The simultaneous adjustment for the 14 genera did not, per se, explain the dog‐associated associations with the health outcomes, but rather fortified these associations, except for healthy weeks, for which the effect remained unchanged (Table S3).
Due to the co‐occurrence of the genera, we checked whether dog‐associated genera together could explain more of the health benefits of dog keeping than the single genera, and thus, we used two methods: (1) correlation‐based network analyses and (2) summing up the selected genera. The first method distinguished two groups of three bacterial genera (Figure S2). When the first group (A), which included Collinsella, Ruminococcus candidate group, and Sutterella, was adjusted in the model simultaneously with their interaction terms, they explained 2%–25% of the inverse association between the dog and respiratory infections (Table 2). However, the second group (B) (Lampropedia, Pasteurella, and Conchiformibius) did not explain the association but rather strengthened the protective effect of the dog. In the second method, the relative abundances of 2–7 genera, which were significantly (Trend test p < .1) associated with a health outcome when dog keeping was not taken into account, were summed up (Table S4). The sums of selected genera were for ‘healthy weeks’ Clostridium, Collinsella, Eubacterium candidate group, Helicobacter, Megamonas, Pasteurella, and Ruminococcus candidate group; for the ‘antibiotic treatment weeks’ Collinsella and Pasteurella; and for the ‘weeks of fever’ Collinsella, Pasteurella, Ruminococcus candidate group, and Udeniomyces. Only Collinsella genus was significantly associated with otitis and thus, the sum variable was not created. The sum variables were significantly associated with given outcomes (Table S4) and similar tendency (p ≤ .10) were seen when dog keeping was taken account (Table S5). The sum variables did not explain more the effect between dog keeping and health benefits than the single genera did: the sum of selected genera for healthy, for antibiotic treatment, and for fever weeks explained 21%, 17%, and 15%, respectively.
TABLE 2.
Effect of two groups of three correlated bacterial genera—identified via correlation‐based network analyses (Spearman correlation ≥0.5)—on the dog‐associated reduction in respiratory infections.

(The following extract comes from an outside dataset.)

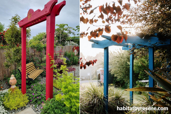 Add a pop of colour to your garden with a painted arch. (Left) Winner of Resene’s Garden Glow Up competition, homeowner Chris and her husband transformed their garden into a Japanese-inspired sanctuary including an arch painted in Resene Rock N Roll and Resene FX Metallic Gold. (Right) Amy’s Villaleigh Gardens and Nursery draws in visitors with its abundant flowers and vivid hues like Resene St Tropaz on this archway. Image by Ruth Gilmour.
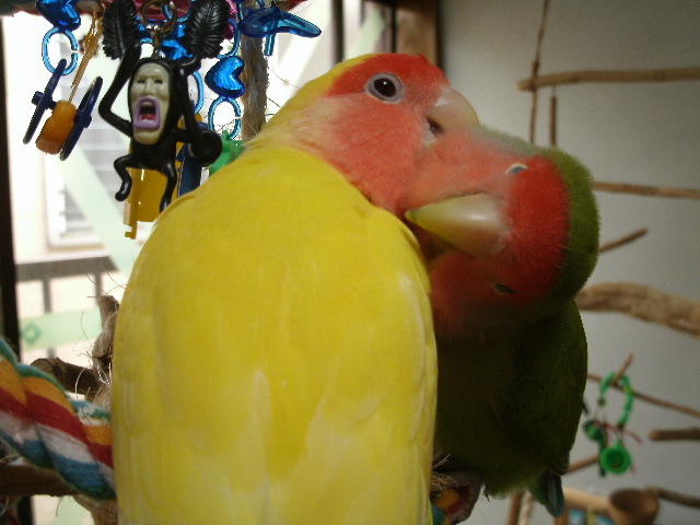 ってことでのりきち横丁ヘビーユーザーのおばさんは、ユーザー投稿写真でも貼ろうかな~~と思ってみたところナイスタイミングでPINぽーちゃんが羽繕いっこを始めましたんで、押した押した、シャッター押したよっ

| Original model: dog contact (yes vs. no) | Healthy | Antibiotics | Otitis | Fever | ||||||||||||
|---|---|---|---|---|---|---|---|---|---|---|---|---|---|---|---|---|
| aOR | (95% CI) | p | Group explains (%) | aOR | (95% CI) | p | Group explains (%) | aOR | (95% CI) | p | Group explains (%) | aOR | (95% CI) | p | Group explains (%) | |
| 1.32 | (1.13–1.55) | *** | 0.71 | (0.51–0.98) | * | 0.57 | (0.38–0.84) | ** | 0.79 | (0.64–0.97) | * | |||||
| Group A | 1.31 | (1.12, 1.52) | *** | 5% | 0.76 | (0.54, 1.06) | 16% | 0.60 | (0.40, 0.90) | * | 6% | 0.81 | (0.65, 1.00) | * | 11% | |
| Group A + their 3 interaction terms | 1.31 | (1.12, 1.53) | *** | 5% | 0.78 | (0.56, 1.10) | 25% | 0.62 | (0.42, 0.91) | * | 12% | 0.79 | (0.64, 0.97) | * | 2% | |
| Group B | 1.35 | (1.14, 1.60) | *** | 0.61 | (0.41, 0.90) | * | 0.49 | (0.30, 0.80) | ** | 0.74 | (0.57, 0.96) | * | ||||
| Group B + their 3 interaction terms | 1.35 | (1.15, 1.60) | *** | – | – | – | ||||||||||
Note: Group A: Collinsella, Ruminococcus candidate group and Sutterella; Group B: Lampropedia, Pasteurella and Conchiformibius; In the first models, the three bacterial genera from either group A or B were adjusted simultaneously in the model together with sex, living environment (farm, rural non‐farm, suburban), number of siblings, maternal smoking, parental atopy, breastfeeding (solely, partly, no), birth weight, season of birth, diary month and cohort. In the second models, the interaction terms of the three bacterial genera were included into the model. % percentage of the three genera jointly explains the association between dog contact and the given outcome. If % is missing, the given group of three genera does not explain the association. p‐value: * < 0.05, ** < 0.01, *** < 0.001.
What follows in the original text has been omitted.